---- Excerpted data

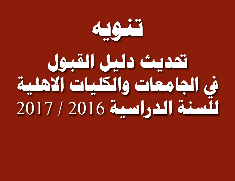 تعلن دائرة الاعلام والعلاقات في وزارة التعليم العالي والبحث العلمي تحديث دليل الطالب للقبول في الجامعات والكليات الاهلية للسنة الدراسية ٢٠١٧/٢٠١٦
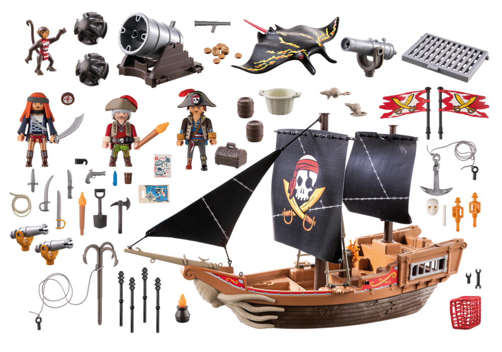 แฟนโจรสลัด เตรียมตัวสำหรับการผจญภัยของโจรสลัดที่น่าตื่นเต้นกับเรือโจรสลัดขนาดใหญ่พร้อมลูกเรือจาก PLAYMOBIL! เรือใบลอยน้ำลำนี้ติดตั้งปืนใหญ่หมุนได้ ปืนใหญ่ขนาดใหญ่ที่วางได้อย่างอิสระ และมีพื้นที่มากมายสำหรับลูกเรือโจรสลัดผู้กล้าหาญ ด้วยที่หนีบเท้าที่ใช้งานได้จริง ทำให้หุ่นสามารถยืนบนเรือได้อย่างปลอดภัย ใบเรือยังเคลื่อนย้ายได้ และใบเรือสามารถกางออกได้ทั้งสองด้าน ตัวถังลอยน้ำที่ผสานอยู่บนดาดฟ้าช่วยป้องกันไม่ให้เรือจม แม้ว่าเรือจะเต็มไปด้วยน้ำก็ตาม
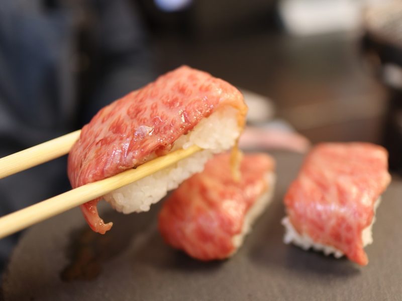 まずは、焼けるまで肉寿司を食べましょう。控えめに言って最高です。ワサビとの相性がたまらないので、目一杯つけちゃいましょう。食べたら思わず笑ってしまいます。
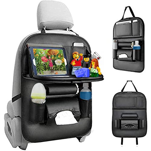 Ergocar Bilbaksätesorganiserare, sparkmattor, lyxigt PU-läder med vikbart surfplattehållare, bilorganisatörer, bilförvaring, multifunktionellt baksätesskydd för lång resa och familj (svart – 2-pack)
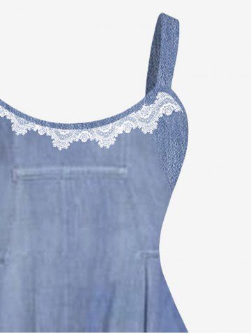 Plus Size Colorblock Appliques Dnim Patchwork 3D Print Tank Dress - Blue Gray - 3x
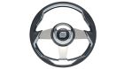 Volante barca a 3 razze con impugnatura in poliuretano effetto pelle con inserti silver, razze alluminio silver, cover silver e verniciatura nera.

--------

What you will do: When copying the entries above, keep each word as it is and exclude any image.

Reply:
 تعلن دائرة الاعلام والعلاقات في وزارة التعليم العالي والبحث العلمي تحديث دليل الطالب للقبول في الجامعات والكليات الاهلية للسنة الدراسية ٢٠١٧/٢٠١٦
 แฟนโจรสลัด เตรียมตัวสำหรับการผจญภัยของโจรสลัดที่น่าตื่นเต้นกับเรือโจรสลัดขนาดใหญ่พร้อมลูกเรือจาก PLAYMOBIL! เรือใบลอยน้ำลำนี้ติดตั้งปืนใหญ่หมุนได้ ปืนใหญ่ขนาดใหญ่ที่วางได้อย่างอิสระ และมีพื้นที่มากมายสำหรับลูกเรือโจรสลัดผู้กล้าหาญ ด้วยที่หนีบเท้าที่ใช้งานได้จริง ทำให้หุ่นสามารถยืนบนเรือได้อย่างปลอดภัย ใบเรือยังเคลื่อนย้ายได้ และใบเรือสามารถกางออกได้ทั้งสองด้าน ตัวถังลอยน้ำที่ผสานอยู่บนดาดฟ้าช่วยป้องกันไม่ให้เรือจม แม้ว่าเรือจะเต็มไปด้วยน้ำก็ตาม
 まずは、焼けるまで肉寿司を食べましょう。控えめに言って最高です。ワサビとの相性がたまらないので、目一杯つけちゃいましょう。食べたら思わず笑ってしまいます。
 Ergocar Bilbaksätesorganiserare, sparkmattor, lyxigt PU-läder med vikbart surfplattehållare, bilorganisatörer, bilförvaring, multifunktionellt baksätesskydd för lång resa och familj (svart – 2-pack)
 Plus Size Colorblock Appliques Dnim Patchwork 3D Print Tank Dress - Blue Gray - 3x
 Volante barca a 3 razze con impugnatura in poliuretano effetto pelle con inserti silver, razze alluminio silver, cover silver e verniciatura nera.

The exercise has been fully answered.